Abstract
Nonstationary convection forced by distributed buoyancy sources is a fundamental environmental fluid mechanics process, particularly in ice-covered freshwater waterbodies. In this paper, we present novel field-based results that characterise the diurnal evolution of the main energetics of radiatively-driven convection in ice-covered lakes that is the radiatively-induced buoyancy flux, B, and the kinetic energy dissipation rate, \(\varepsilon\). To estimate the spatiotemporal distribution of \(\varepsilon\), we applied scale similarity of the velocity structure functions to identify the fine turbulence scales from high-frequency velocity measurements.
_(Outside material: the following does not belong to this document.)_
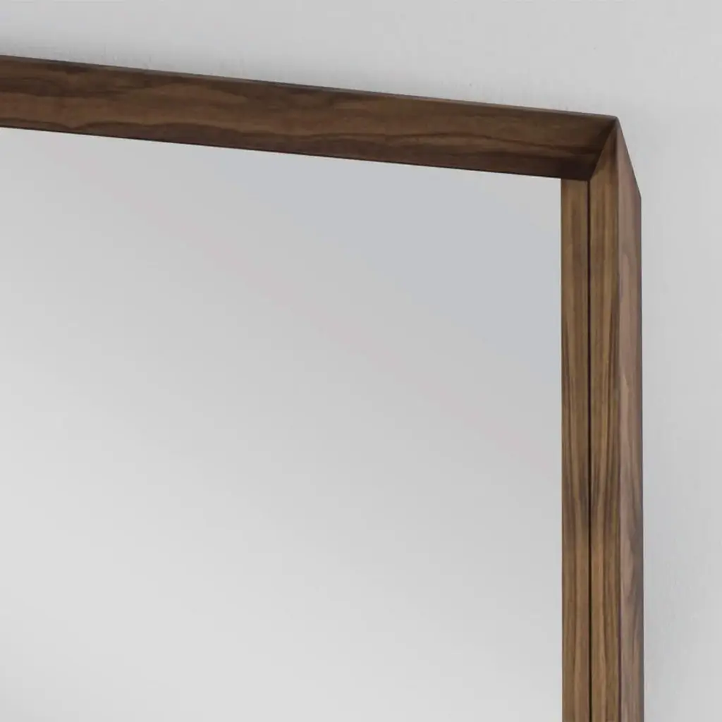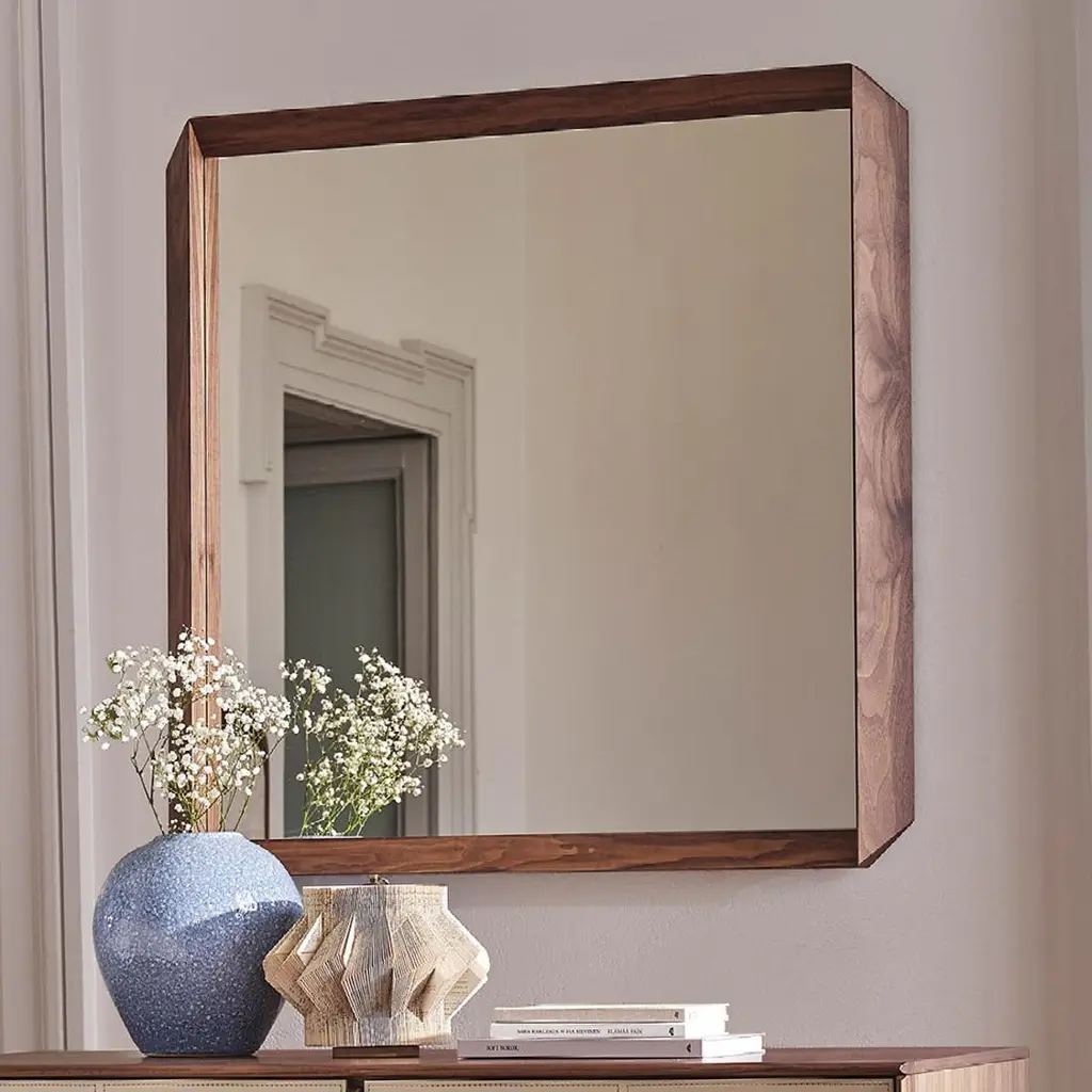 Mirror Square Taorma with frame in solidwalnut and with clear mirror glass. With lacqueredback mirror panel in black matte finish.Also available in L90xD07xH90cm, price: 2650,00€.Also available on request in walnut in moka stained or wenge stained finish.Also available on request in Taorma Square Mirror.
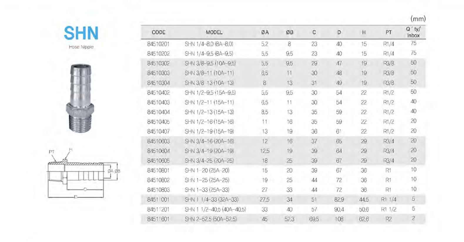 SHN / 호스 내경(mm)-나사(PT)

The field study was carried out at Lake Vendyurskoe, Russia, in April 2016. Small-scale velocity fluctuations were measured using acoustic Doppler current profiler in a 2 m layer beneath the ice cover. The method was proven to be valid for low-energy convection without mean shear. The inertial subrange, covering order of magnitude in the spatial domain, was identified by fitting the \(^2/_3\) scaling power law to the structure function method, thus confirming the regime of fully developed turbulence. The calculated rate of dissipation of turbulent kinetic energy \(\varepsilon\) reaches values up to \(3 \times 10^{-9} \hbox { m}^{2}\hbox {s}^{-3}\). Although a strong correlation between \(\varepsilon\) and B was observed, \(\varepsilon\) picks up about 1 h later after the onset of the heating-phase. This delay roughly corresponds to the turnover time of the energy containing eddies. We finally observed a decay of \(\varepsilon\) at night, during the relaxation-phase, but, interestingly, the level remained above the statistical error.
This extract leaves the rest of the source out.